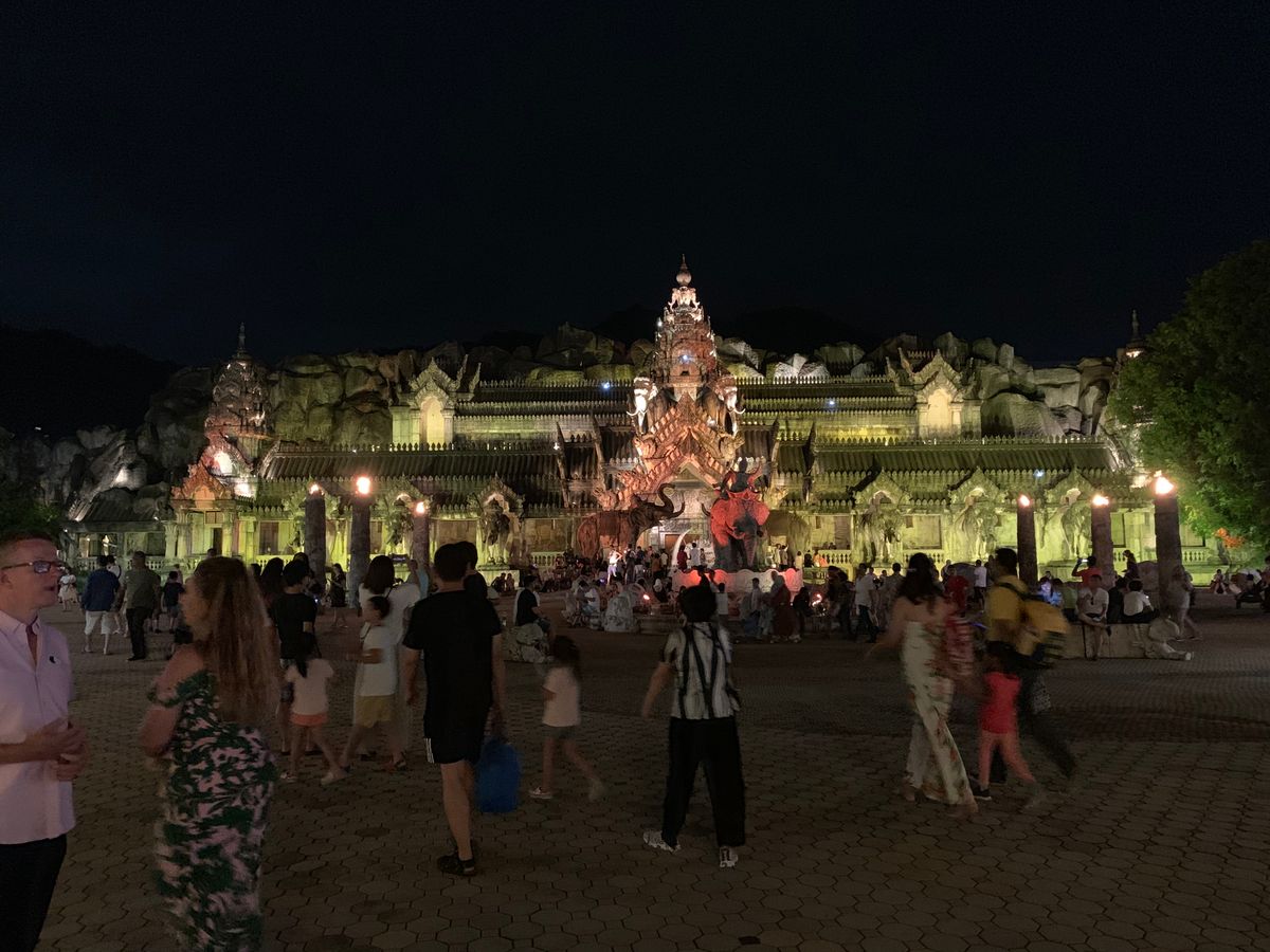 ショーが始まるまでの時間も、オプションで「像と記念撮影」「トラと記念撮影」をしたり、広すぎる宴会場みたいなところでブュッフェディナーを食べたり、子供が楽しむゲーム有料ですが…があったりお金がかかりますが、楽しめます‼️
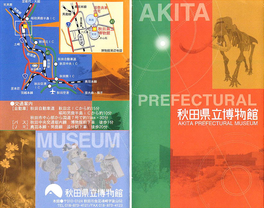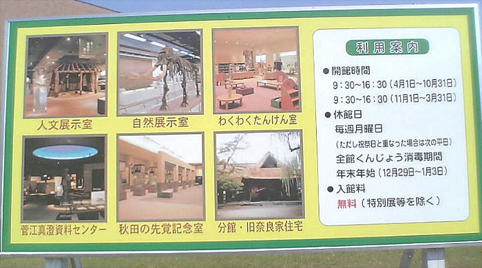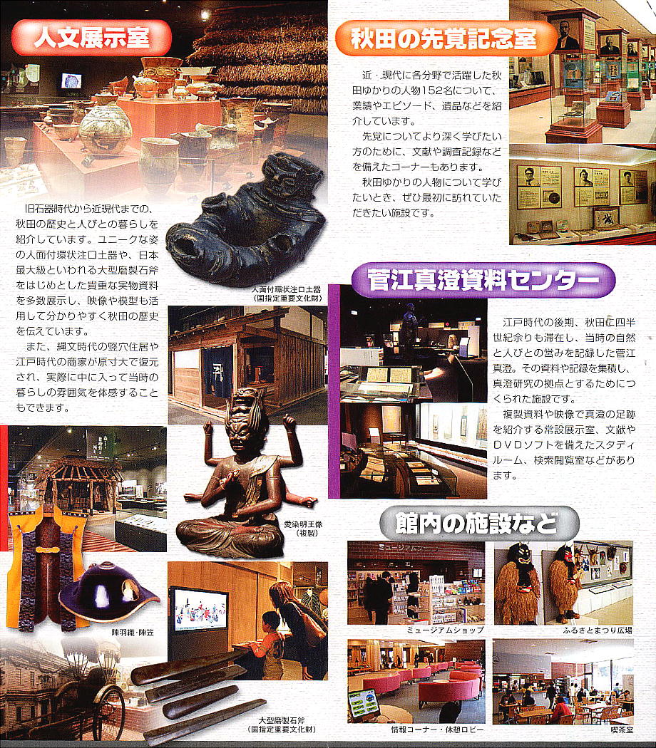秋田県立博物館は、考古・歴史・民俗・工芸・生物・地質の6部門と、「菅江真澄資料センター」・「秋田の先覚記念室」からなる
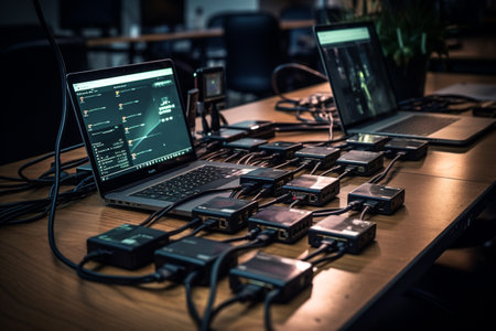This image showcases a close-up view of a USB cable securely connected to an electronic device's port, surrounded by colorful neon lighting.
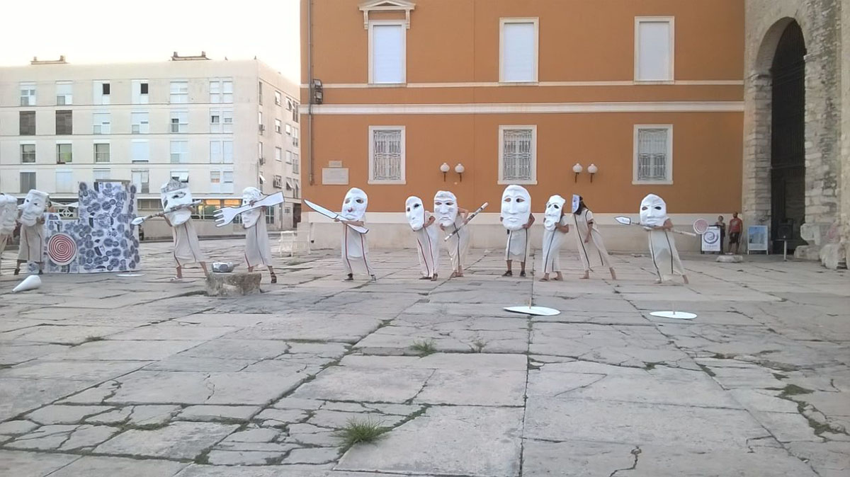 Artist Residency at Zadar Snova International Festival of Contemporary Theatre, Croatia. Installation and street performance. Adaptation of a play by Alfred Jarry: “King Ubu.” Production included a series of workshops for the local community of art and theatre enthusiasts creating costumes and props for the final street performance.
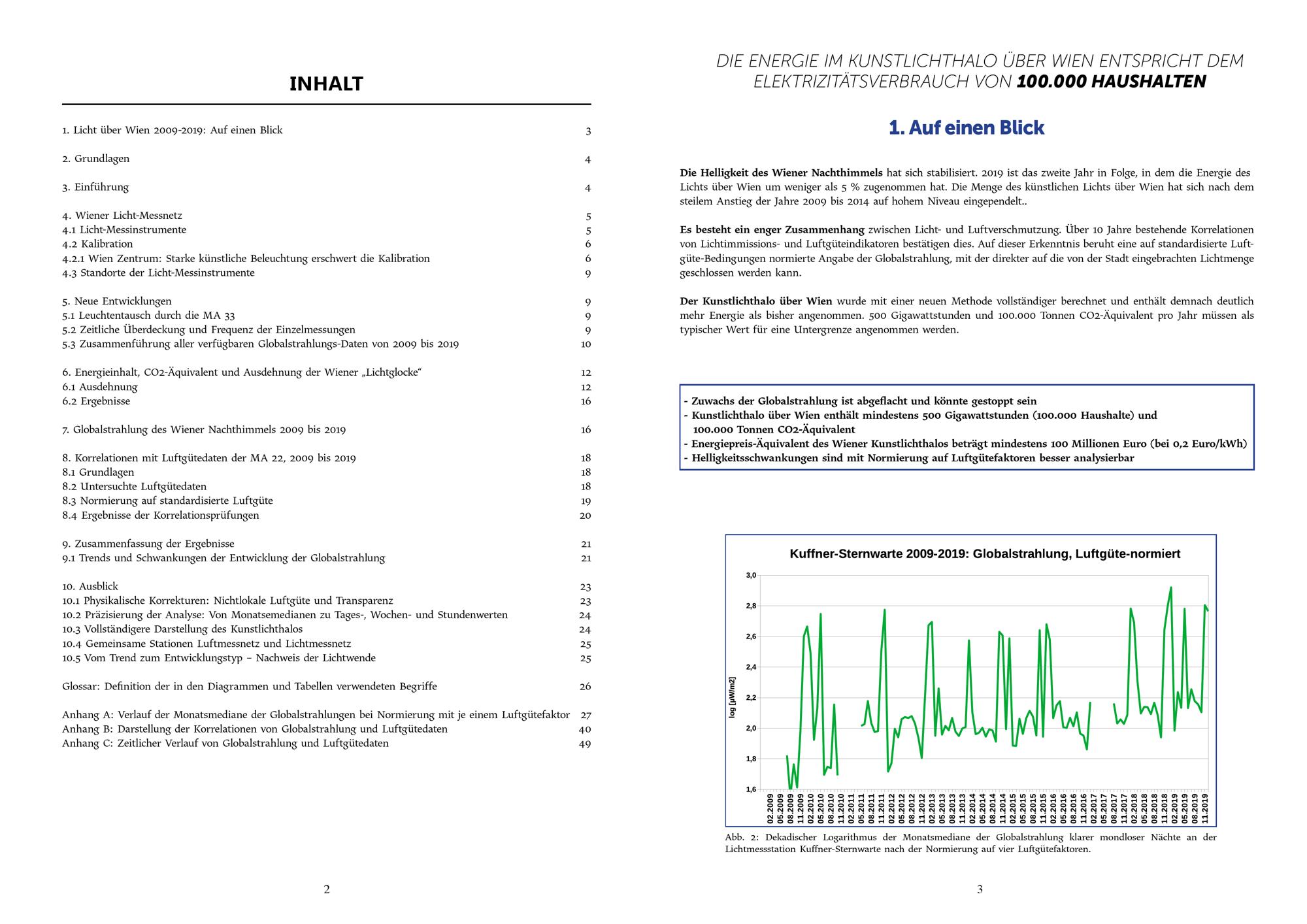Licht über Wien VII : Lichtgehalt der Nacht über Wien von 2009 bis 2019 : Energiegehalt des Kunstlichthalos über Wien : Relationen von nächtlichem Lichtgehalt und Luftgütedaten : Normierung von Lichtmessungen mit Luftgütedaten / Dr. Günther Wuchterl, Markus Reithofer ; Studie im Auftrag der Wiener Umweltschutzabteilung – MA 22
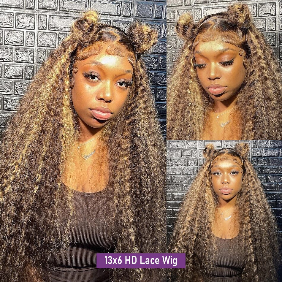 13x6 13X4 الدانتيل الباروكة شعر الإنسان 30 بوصة تسليط الضوء على العسل البني مجعد الدانتيل الجبهة الباروكات موجة عميقة الدانتيل الجبهة الباروكات للنساء
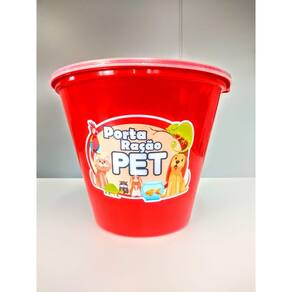 Porta Ração Vasilha Pet Vermelho Tampa Plástico Portátil 5,5L
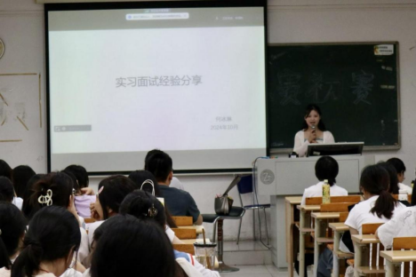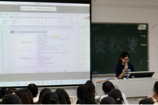 随后,吴婉钿同学与大家分享了她的实习经验。她细致耐心地介绍了各医院的面试报名条件和面试问题,帮助大家更清晰地了解了医院实习面试的注意事项。吴婉钿鼓励大家以积极的心态面对实习面试,避免不必要的焦虑。在随后的答疑环节,吴婉钿同学热情地解答了同学们的疑问,并为她们未来的实习面试提供了宝贵的建议。
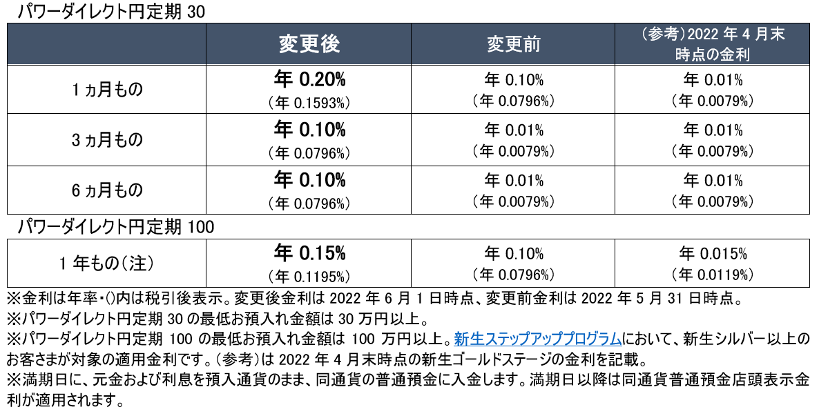 当行は、2022年5月13日に公表した中期経営計画「新生銀行グループの中期ビジョン(以下、「中期ビジョン」)」に掲げる『顧客中心主義の徹底』を実践し、お客さまの立場に立ったサービスの提供を積極的に推進いたします。その一環として、2022年6月1日より、個人のお客さまを対象とした円・外貨の定期預金金利を大幅に引き上げます。
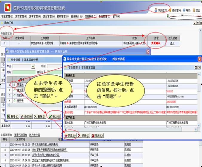 第二步骤:“变更确认”。登录系统后在“我的工作”界面上会出现待处理的工作,点击“变更确认”——进入审核页面,单个点击学生姓名前面的圆点——点击“确认”——进入学生信息更新页面,核对信息后点击“同意”,变更确认操作如下图4:
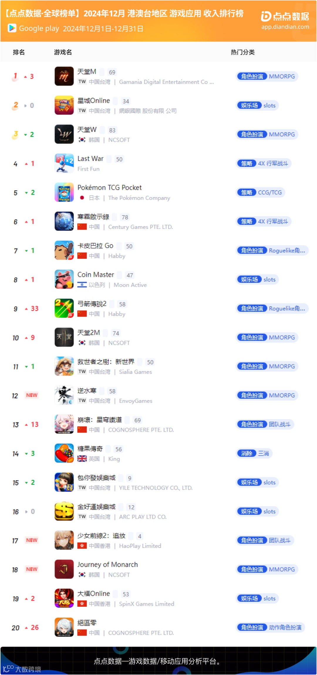 于十一月底上线,上月登顶的《Pokémon TCG Pocket》再次凭借在App Store平台收入数据上的优势蝉联港澳台地区手游收入冠军,其上月在该地区的预估总收入超过1540万美元(约合RMB1.13亿元),宝可梦IP的影响力依旧发挥稳定。Google Play这边手游收入榜冠军则由NCSOFT旗下“天堂”IPMMO《天堂M》摘得。
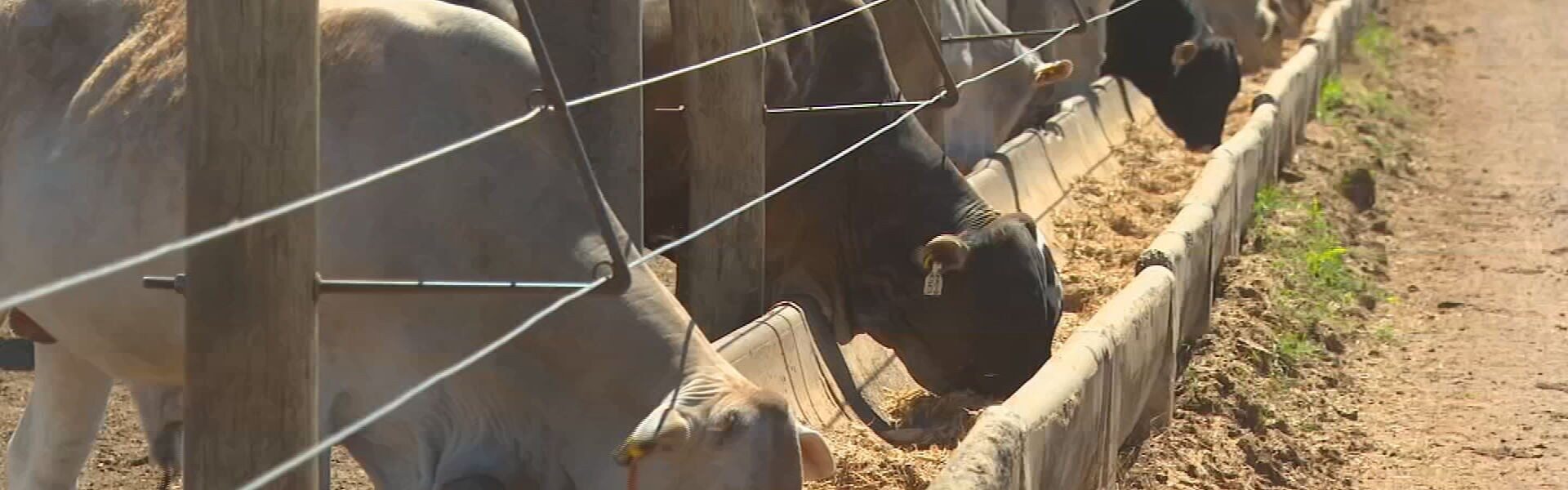 A preocupação também é grande em áreas de confinamento. Este fica em Presidente Bernardes (SP). Aqui, os para-raios garantem um pouco mais de tranquilidade.
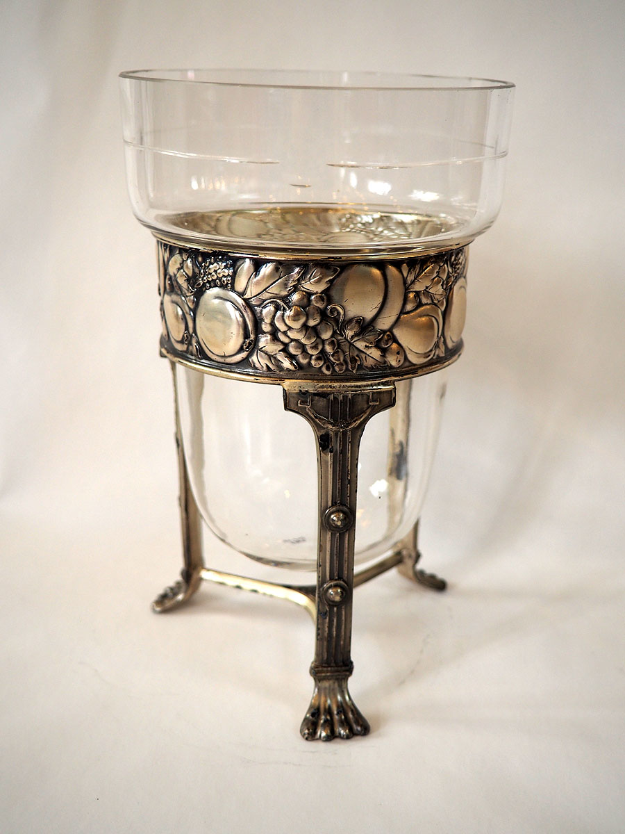 Unser Gefäß stammt aus der Zeit um 1900. Der Hersteller ist unbekannt. Das Glasgefäß ist mundgeblasen, beim Metallgestell des Traubenwäschers handelt es sich um einen vernickelten Zinnguss.
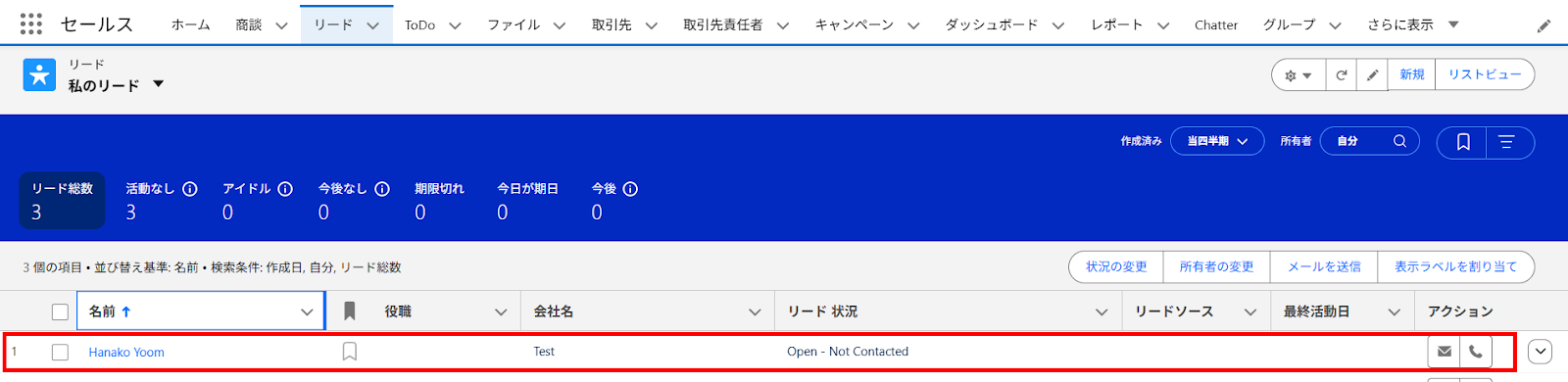 テストが成功すると、Salesforceにリードが作成されるので確認しましょう。
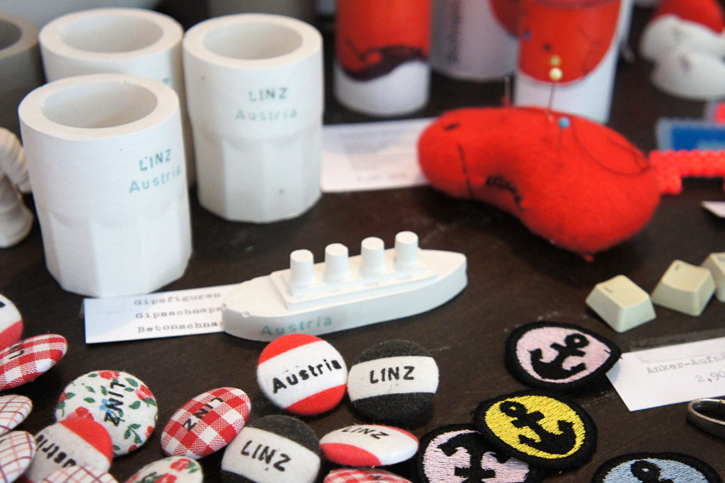 Jeder hat eine zweite Chance verdient: die Kreditkarte als Gitarrenplektron, der Bierkorken als Kühlschrankmagnet, das Leiberl als geflochtener Gürtel. Kreatives Recycling und ausgefallene, handgefertigte Souvenirs bestimmen das Sortiment im Sisi-Top schräg gegenüber des Lentos‚. In ihrer winzigen Werkstatt bedruckt Kathrina Becker Postkarten und Buttons, veredelt Bio-Baumwollleiberl mit Stickereien und schneidert Altkleider zu Polstern oder Röcken um. Wegen eines Jobs ist die Aachnerin in Linz gelandet und „mag jetzt nimmer weg“ aus ihrer „Stahlstadt“. Diese Liebe zur neuen Heimat spiegelt sich auch im Namen des Ladens, der an Kaiserin Elisabeth erinnert – „auch so eine Deutsche, die sich rübermachte“, scherzt Kathrina. Immer wieder blitzt das Konterfei der Monarchin zwischen den zusammengewürfelten Möbeln und den Retro-Vinylplatten hervor, die dem Geschäft das gemütliche Flair eines wuseligen WG-Wohnzimmers verleihen.

What the task asks.
Given the listing above, repeat exactly the lines starting at the one with "Artist Residency at" and ending at the one with "テストが成功すると、Sale", inclusive, excluding pictures.

The answer.
 Artist Residency at Zadar Snova International Festival of Contemporary Theatre, Croatia. Installation and street performance. Adaptation of a play by Alfred Jarry: “King Ubu.” Production included a series of workshops for the local community of art and theatre enthusiasts creating costumes and props for the final street performance.
Licht über Wien VII : Lichtgehalt der Nacht über Wien von 2009 bis 2019 : Energiegehalt des Kunstlichthalos über Wien : Relationen von nächtlichem Lichtgehalt und Luftgütedaten : Normierung von Lichtmessungen mit Luftgütedaten / Dr. Günther Wuchterl, Markus Reithofer ; Studie im Auftrag der Wiener Umweltschutzabteilung – MA 22
 13x6 13X4 الدانتيل الباروكة شعر الإنسان 30 بوصة تسليط الضوء على العسل البني مجعد الدانتيل الجبهة الباروكات موجة عميقة الدانتيل الجبهة الباروكات للنساء
 Porta Ração Vasilha Pet Vermelho Tampa Plástico Portátil 5,5L
 随后,吴婉钿同学与大家分享了她的实习经验。她细致耐心地介绍了各医院的面试报名条件和面试问题,帮助大家更清晰地了解了医院实习面试的注意事项。吴婉钿鼓励大家以积极的心态面对实习面试,避免不必要的焦虑。在随后的答疑环节,吴婉钿同学热情地解答了同学们的疑问,并为她们未来的实习面试提供了宝贵的建议。
 当行は、2022年5月13日に公表した中期経営計画「新生銀行グループの中期ビジョン(以下、「中期ビジョン」)」に掲げる『顧客中心主義の徹底』を実践し、お客さまの立場に立ったサービスの提供を積極的に推進いたします。その一環として、2022年6月1日より、個人のお客さまを対象とした円・外貨の定期預金金利を大幅に引き上げます。
 第二步骤:“变更确认”。登录系统后在“我的工作”界面上会出现待处理的工作,点击“变更确认”——进入审核页面,单个点击学生姓名前面的圆点——点击“确认”——进入学生信息更新页面,核对信息后点击“同意”,变更确认操作如下图4:
 于十一月底上线,上月登顶的《Pokémon TCG Pocket》再次凭借在App Store平台收入数据上的优势蝉联港澳台地区手游收入冠军,其上月在该地区的预估总收入超过1540万美元(约合RMB1.13亿元),宝可梦IP的影响力依旧发挥稳定。Google Play这边手游收入榜冠军则由NCSOFT旗下“天堂”IPMMO《天堂M》摘得。
 A preocupação também é grande em áreas de confinamento. Este fica em Presidente Bernardes (SP). Aqui, os para-raios garantem um pouco mais de tranquilidade.
 Unser Gefäß stammt aus der Zeit um 1900. Der Hersteller ist unbekannt. Das Glasgefäß ist mundgeblasen, beim Metallgestell des Traubenwäschers handelt es sich um einen vernickelten Zinnguss.
 テストが成功すると、Salesforceにリードが作成されるので確認しましょう。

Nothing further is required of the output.